Friday 21 April 2023

April 21st

Vitry-le-François to Pargny 

19 kms, 7 locks, more than 6 hours

It should have been a short day today.  

Our saloon full of boxes

A sad sight just outside the port, an abandoned British boat, post Brexit probably 

We set off soon after 9.00, sunny, calm and a positively balmy 9C, but at the very first lock we got stuck.  The lower gates opened (we are now going uphill), the lock filled, and nothing, the top gates did not open.  We didn't have a phone number for this canal so I climbed off and pressed the "emergency" button that every lock has to put you in contact with Central control point.  It worked but I am vertically challenged, i.e short, and the loud speaker was way up high and I battled to hear what the very polite gentleman was trying to tell me.  But, he got the gist, and 30 minutes later he, himself, arrived, to help us out.  The first thing he said is "You speak very good French".  Blow me down, I was gobsmacked.  

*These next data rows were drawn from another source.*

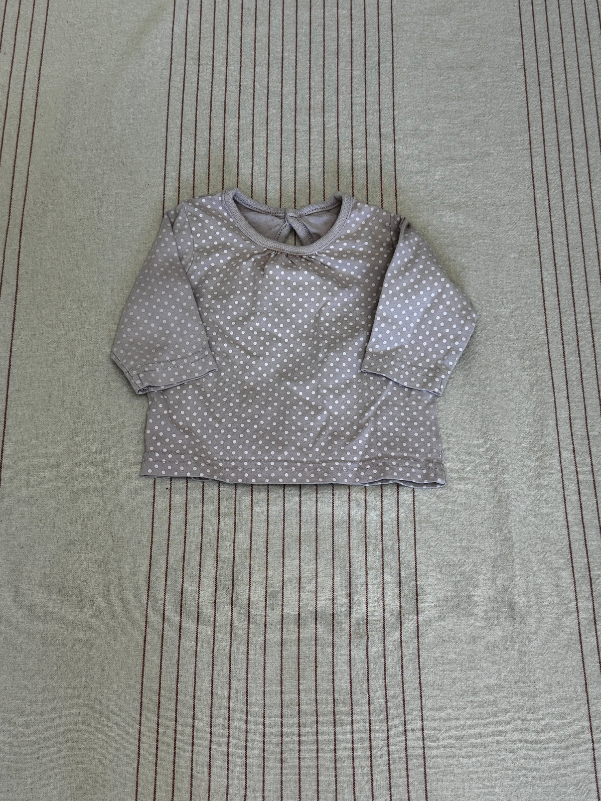 Roztomilé tričko s dlouhým rukávem v jemné šedé barvě s bílými puntíky od značky George. Toto tričko má elegantní detaily, jako je mašlička na zadní straně u krku, která dodává něžný vzhled. Díky příjemnému materiálu je ideální pro každodenní nošení, ať už doma nebo venku. Je vhodné pro holčičky ve velikosti 56 cm, ideální na první měsíce života. Praktické a stylové zároveň, tričko se snadno kombinuje s dalším dětským oblečením a poskytne pohodlí během celého dne.
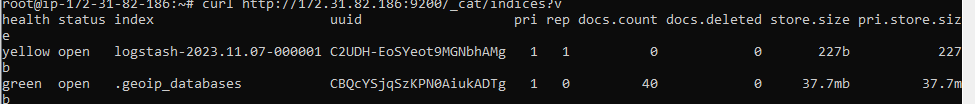 curl http://<Private IP>:9200/_cat/indices?v
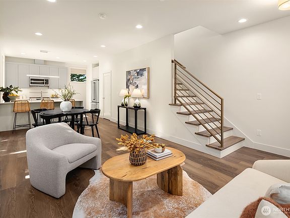 Welcome to this new construction, stand-alone home in Kirkland's West of Market neighborhood. Main floor features cozy fireplace and open concept living and dining area. Large kitchen peninsula adds functional counter space additional storage, and convenient seating. Private yard space is perfect for BBQs or pets. Two entrances, ample storage and powder bath all add to the highly functional design. Upstairs, both bedrooms feature an ensuite bath, making this home both practical and exceptionally comfortable. Enjoy proximity to Lake Washington, Waverly Beach Park, and downtown Kirkland. Included off-street parking adds to convenience of this amazing home.
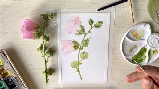 Розовая мальва. Пишем акварелью поэтапно
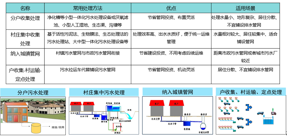 收集处理模式主要有分户收集处理、村庄集中收集处理、纳入城镇管网、以及户收集、村运输、定点处理等模式,每种模式的常用处理方法、优点及适用场景见表4。
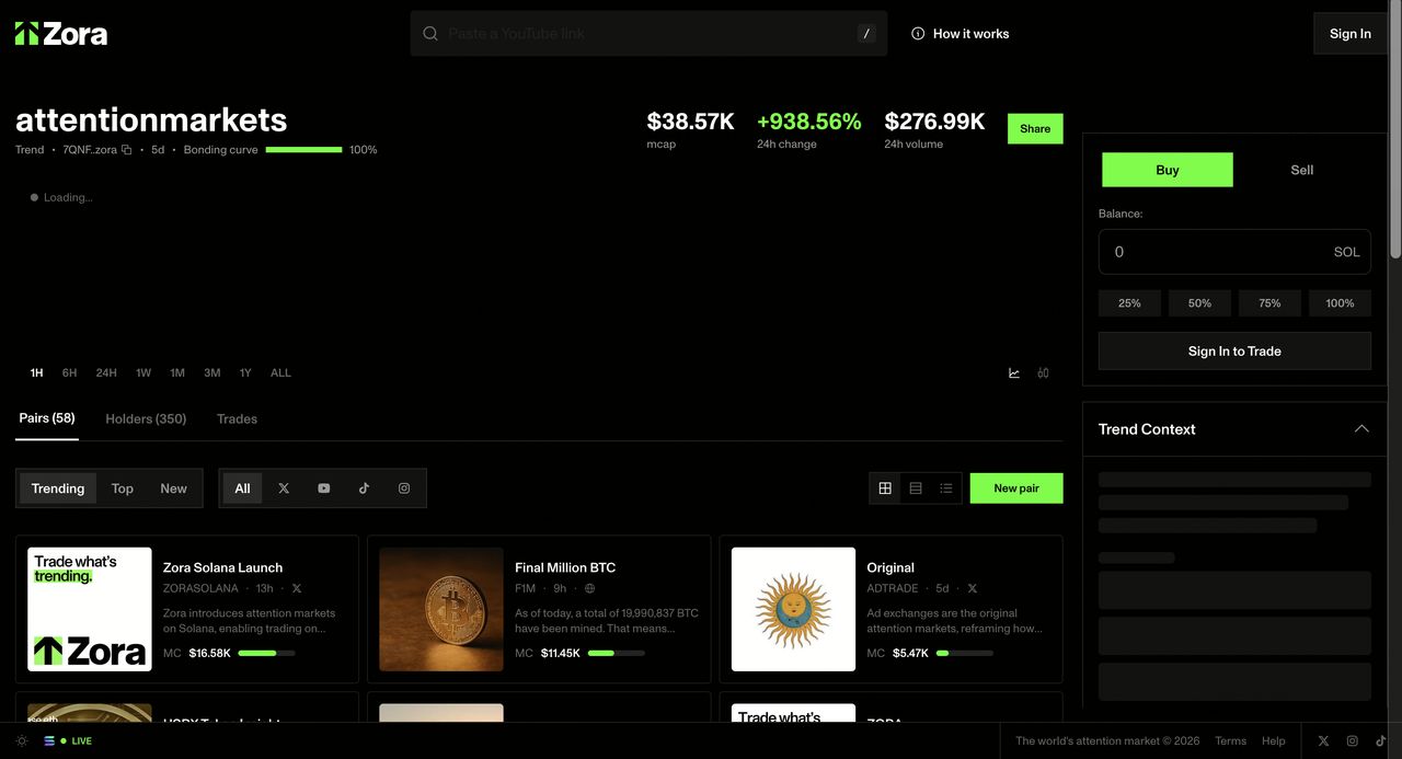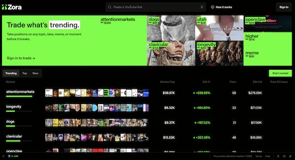 Zora注意力市场代表着一项突破性创新,将投机与网络文化融合在一起。该平台于2026-02-17推出,让用户能够对社交趋势、表情包、标签和话题的病毒式传播进行投注,将短暂的网络现象转化为可交易的资产。

As we approached the second lock we saw another pleasure cruiser ahead of us, waiting for a big commercial barge to exit the lock.  From then on we shared the locks with the German cruiser but both of us had to slow up for the commercial, fully laden.  They are huge, and cumbersome, and slow.  They travel at 4km per hour and we at 8 km per hour.  Plus they take forever to slow down, manoeuvre in and out of locks, and speed up again.  But if it wasn't for them these canals would not exist so we just have deal with it.  The biggest problem is that they churn up the weed into small fragments that block engine cooler inlet and the toilet. An hour or so later there was quay where we could tie up and just wait for a couple of hours till he had got far enough ahead of us.  



The barge ahead of us

Pretty canal

A very tight fit, no wonder they take so much time to enter and exit the locks
We have stopped in a lovely halte nautique between 2 locks just 400m apart, with water and electricity but you do have to pay for the privilege, and there are two, yes two, bakeries in the village. There was already another pleasure boat tied up here, a small traditional barge, now a private pleasure cruiser.  Late in the afternoon I saw a commercial barge come through the the lower lock and then heard the church bells chiming for 7pm when the locks close.  Sure enough the upper lock lights went out and he was trapped.  Nowhere for a big barge to tie up.  But the smaller pleasure barge called him alongside to tie and here he is just a few metres astern of us

The bad news is he will be leaving at 7 in the morning and we can't go through the locks till 9, so an hour or so later we will catch up with him and have the same problem we had today.  I guess we will not make it our intended destination tomorrow.